# Stored items:
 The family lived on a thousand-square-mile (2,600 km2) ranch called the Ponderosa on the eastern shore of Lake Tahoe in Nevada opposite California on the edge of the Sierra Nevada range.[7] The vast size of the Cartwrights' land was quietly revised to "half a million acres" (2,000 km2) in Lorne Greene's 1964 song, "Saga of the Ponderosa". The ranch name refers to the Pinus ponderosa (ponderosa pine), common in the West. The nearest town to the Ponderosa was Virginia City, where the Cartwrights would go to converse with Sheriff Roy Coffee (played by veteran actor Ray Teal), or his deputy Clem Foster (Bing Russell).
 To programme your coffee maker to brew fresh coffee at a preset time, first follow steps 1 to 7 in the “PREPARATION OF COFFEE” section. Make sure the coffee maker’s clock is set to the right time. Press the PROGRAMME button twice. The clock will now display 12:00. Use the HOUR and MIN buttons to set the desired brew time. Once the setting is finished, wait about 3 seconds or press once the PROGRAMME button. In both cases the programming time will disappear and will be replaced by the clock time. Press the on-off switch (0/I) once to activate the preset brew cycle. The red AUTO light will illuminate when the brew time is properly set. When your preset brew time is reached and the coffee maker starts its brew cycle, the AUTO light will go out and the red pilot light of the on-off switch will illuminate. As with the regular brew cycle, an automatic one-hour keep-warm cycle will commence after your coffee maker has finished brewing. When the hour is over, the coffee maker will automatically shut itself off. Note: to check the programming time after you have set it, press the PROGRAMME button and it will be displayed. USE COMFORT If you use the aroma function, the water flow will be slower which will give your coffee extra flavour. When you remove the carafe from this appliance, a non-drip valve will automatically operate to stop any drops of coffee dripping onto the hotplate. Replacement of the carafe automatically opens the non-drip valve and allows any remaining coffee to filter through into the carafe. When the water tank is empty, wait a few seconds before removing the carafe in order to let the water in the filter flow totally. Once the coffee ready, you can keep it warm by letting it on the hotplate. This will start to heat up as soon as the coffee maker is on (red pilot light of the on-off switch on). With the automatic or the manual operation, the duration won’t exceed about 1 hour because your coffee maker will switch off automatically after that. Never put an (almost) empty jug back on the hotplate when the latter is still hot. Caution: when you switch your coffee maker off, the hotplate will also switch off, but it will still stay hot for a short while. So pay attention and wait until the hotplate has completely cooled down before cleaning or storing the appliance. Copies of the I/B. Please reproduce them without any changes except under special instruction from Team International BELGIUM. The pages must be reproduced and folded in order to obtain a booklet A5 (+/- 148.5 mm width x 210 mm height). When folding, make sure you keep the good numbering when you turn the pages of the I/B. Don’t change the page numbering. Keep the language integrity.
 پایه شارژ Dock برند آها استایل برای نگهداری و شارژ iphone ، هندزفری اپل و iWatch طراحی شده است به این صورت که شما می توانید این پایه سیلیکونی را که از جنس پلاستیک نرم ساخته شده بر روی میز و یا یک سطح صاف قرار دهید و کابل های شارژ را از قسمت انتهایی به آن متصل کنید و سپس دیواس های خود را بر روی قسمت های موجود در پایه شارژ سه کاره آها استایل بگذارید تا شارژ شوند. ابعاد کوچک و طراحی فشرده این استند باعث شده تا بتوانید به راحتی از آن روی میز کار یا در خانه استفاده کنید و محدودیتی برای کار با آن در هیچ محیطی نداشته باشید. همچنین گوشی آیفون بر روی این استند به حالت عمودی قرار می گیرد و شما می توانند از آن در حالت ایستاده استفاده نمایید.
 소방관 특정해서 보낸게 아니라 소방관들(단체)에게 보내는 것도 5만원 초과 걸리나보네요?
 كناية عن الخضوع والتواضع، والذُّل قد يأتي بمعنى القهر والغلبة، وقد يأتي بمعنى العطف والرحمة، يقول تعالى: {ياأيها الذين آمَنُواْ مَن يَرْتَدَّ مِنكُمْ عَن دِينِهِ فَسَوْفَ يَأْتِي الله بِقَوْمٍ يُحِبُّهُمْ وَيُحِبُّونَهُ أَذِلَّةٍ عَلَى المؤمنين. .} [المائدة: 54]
* * *
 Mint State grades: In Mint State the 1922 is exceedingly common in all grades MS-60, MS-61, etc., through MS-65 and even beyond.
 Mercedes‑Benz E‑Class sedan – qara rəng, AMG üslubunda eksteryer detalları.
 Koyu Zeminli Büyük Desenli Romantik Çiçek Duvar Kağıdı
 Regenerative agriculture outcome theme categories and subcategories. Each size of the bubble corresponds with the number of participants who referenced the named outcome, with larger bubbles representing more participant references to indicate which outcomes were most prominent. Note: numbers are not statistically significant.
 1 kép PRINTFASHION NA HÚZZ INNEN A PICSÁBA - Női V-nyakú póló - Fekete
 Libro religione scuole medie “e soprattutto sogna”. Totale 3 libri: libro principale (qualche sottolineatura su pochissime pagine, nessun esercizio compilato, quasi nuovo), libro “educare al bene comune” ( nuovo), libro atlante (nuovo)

# Aim of the task:
Copy the lines above exactly. Start with the line containing "Mercedes‑Benz E‑Class sedan", end with the line containing "1 kép PRINTFASHION", and include both.

# Written response:
 Mercedes‑Benz E‑Class sedan – qara rəng, AMG üslubunda eksteryer detalları.
 Koyu Zeminli Büyük Desenli Romantik Çiçek Duvar Kağıdı
 Regenerative agriculture outcome theme categories and subcategories. Each size of the bubble corresponds with the number of participants who referenced the named outcome, with larger bubbles representing more participant references to indicate which outcomes were most prominent. Note: numbers are not statistically significant.
 1 kép PRINTFASHION NA HÚZZ INNEN A PICSÁBA - Női V-nyakú póló - Fekete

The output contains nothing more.